Below is an excerpt from a Missouri Dept. of Conservation newsletter.  The
number of acres planted in crops for doves quadrupled this year.  That means
less habitat for other birds.  Once again, game species management prevails
over management for nongame species.

Yvonne Homeyer
St. Louis

----- Original Message -----
From: Jim Low <[log in to unmask]>
Subject: Aug. 22 All Outdoors

> 2. Conservation Department quadruples dove acreage
> The goal is to provide excellent dove hunting spots within easy driving
> distance of every Show-Me State hunter.
> JEFFERSON CITY - Missouri has plenty of mourning doves, and Missouri
> hunters will find thousands of acres of specially managed fields where
> they can hunt them.
> Dove hunting season opens Sept. 1 and runs through Nov. 9. John Schulz,
> a resource scientist for the Missouri Department of Conservation, says
> hunters will find plenty of doves when opening day arrives.
> "The number of doves counted in our roadside survey this year was up in
> five out of eight regions," Schulz said. "The dry weather we are having
> probably is helping doves."
> Schulz said mourning doves make flimsy nests that provide little
> protection from the elements, so rainy weather cuts into chicks'
> survival. Dry weather reduces such losses.

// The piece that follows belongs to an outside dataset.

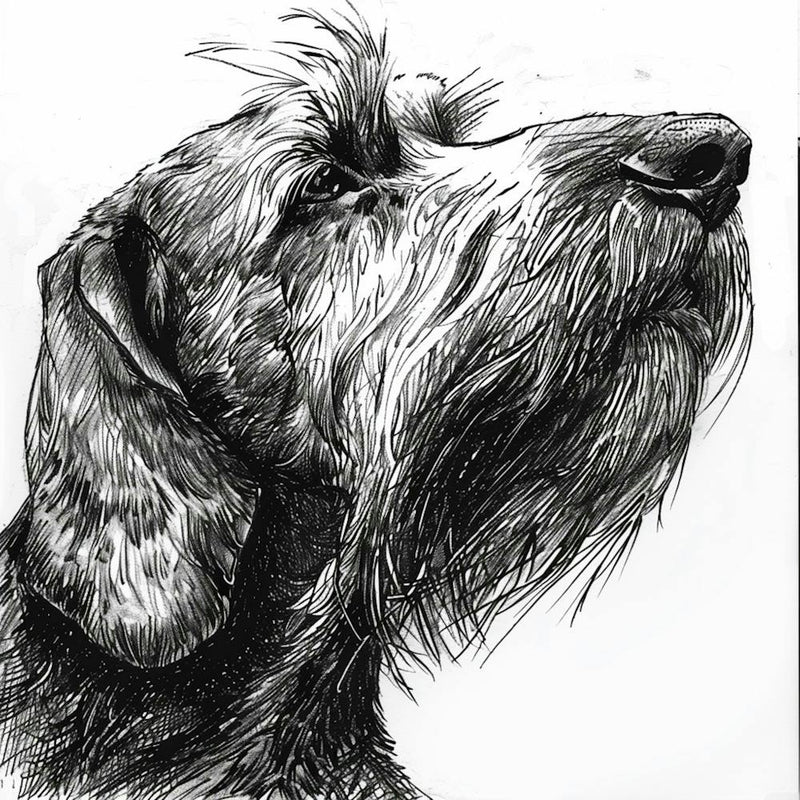 Intricate lines capture the endearing shagginess and soulful gaze of a Grand Basset Griffon Vendéen. Every stroke reveals texture and character, from the wispy fur to the curious tilt of its head. This monochrome sketch celebrates the loyal spirit and quiet dignity of a beloved canine companion.

> Furthermore, doves are ground feeders and are not as agile on their
> feet as quail or songbirds. Consequently, they have trouble reaching
> seeds and insect foods when vegetation is thick. Droughty weather
> decreases undergrowth, giving doves easier access to food.
> Schulz said hunter success on opening day will depend heavily on
> Midwestern weather conditions just before Sept. 1 and on local
> availability of food that draws doves into huntable concentrations.

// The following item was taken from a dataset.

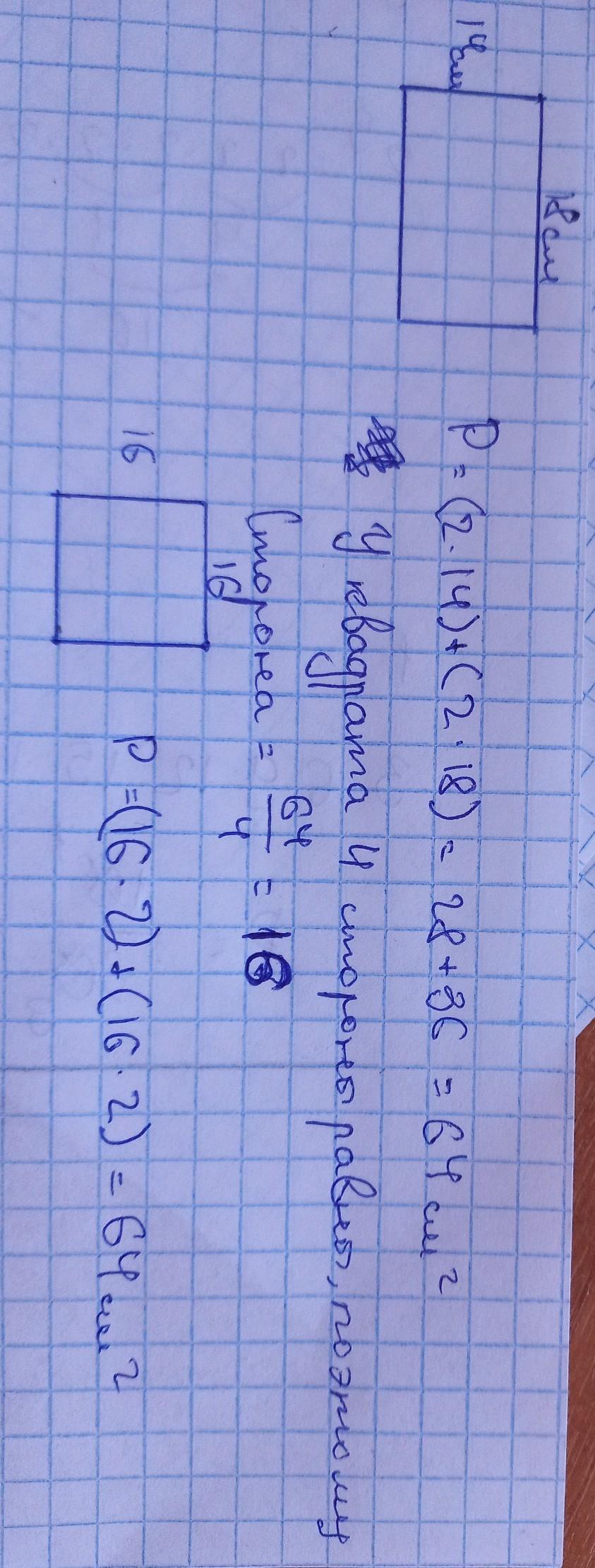 1) (14+18)*2=64(см)-периметр прямоугольника

> The Conservation Department has made a big push to turn the food factor
> in hunters' favor. This year it has dramatically increased the number
> and acreage of crop fields planted with doves' favorite foods -- mainly
> sunflowers and wheat. Doves appreciate the food plots, and hunters
> appreciate having places where doves are easy to find.
> The Conservation Department doubled the number of fields planted for
> doves, and it quadrupled the acreage in such fields. In all, the
> Conservation Department has more than 100 dove hunting fields in 50-plus
> counties. The total acreage is approximately 5,000 acres, four times the
> dove hunting ground available on conservation areas last year.
> "The mourning dove is Missouri's most popular game bird," said Wildlife
> Division Administrator Dave Erickson. "That's partly because it's a very
> democratic sort of hunting. It doesn't take lots of experience or fancy
> equipment. Just about anyone can enjoy if they have a place to go, and
> we are doing our best to make sure everyone has a dove hunting spot
> within reasonable driving distance of their home."
> Maps showing the locations of dove fields are available through
> Conservation Department regional offices statewide. A list of
> conservation areas with dove fields and maps of the areas is available
> at The latest
> mourning dove status report also is available at
> Areas where dove population indices were up compared to last year
> include the Mississippi Lowlands (+31.5 percent), Ozark Plateau (+26.2
> percent) Western Prairie (+19.7 percent), Northwestern Prairie (+12.7
> percent), and Western Ozark Border (+2.6 percent). Areas where indices
> dipped this year were the northern and Eastern Ozark Border (-16.6
> percent), Northern Riverbreaks (-14.3 percent) and Northeastern
> Riverbreaks (-6.3 percent).
> Although dove numbers were down from last year in the Northern and
> Northeastern riverbreaks, these areas remain 10.4 and 6.9 percent above
> their 10-year averages, respectively. Statewide dove numbers were 3.9
> percent higher than last year and 5.5 percent greater than the 10-year
> average.
> Dove hunters ages 16 through 64 must buy a Small Game Hunting Permit
> and a Missouri Migratory Bird Hunting Permit to pursue doves. Shooting
> hours are one-half hour before sunrise to sunset.
> Although mourning doves are the primary object of dove hunters'
> attention, Missouri also has one exotic dove species and another native
> species that is seen occasionally. Eurasian collared-doves and
> white-winged doves are legal game in Missouri, but they must be included
> in the aggregate daily limit of 12 and the possession limit of 24 doves.
> Full details on dove season regulations are available in the 2003
> Migratory Bird Hunting Digest. The booklet is available free of charge
> at Conservation Department offices and wherever permits are sold.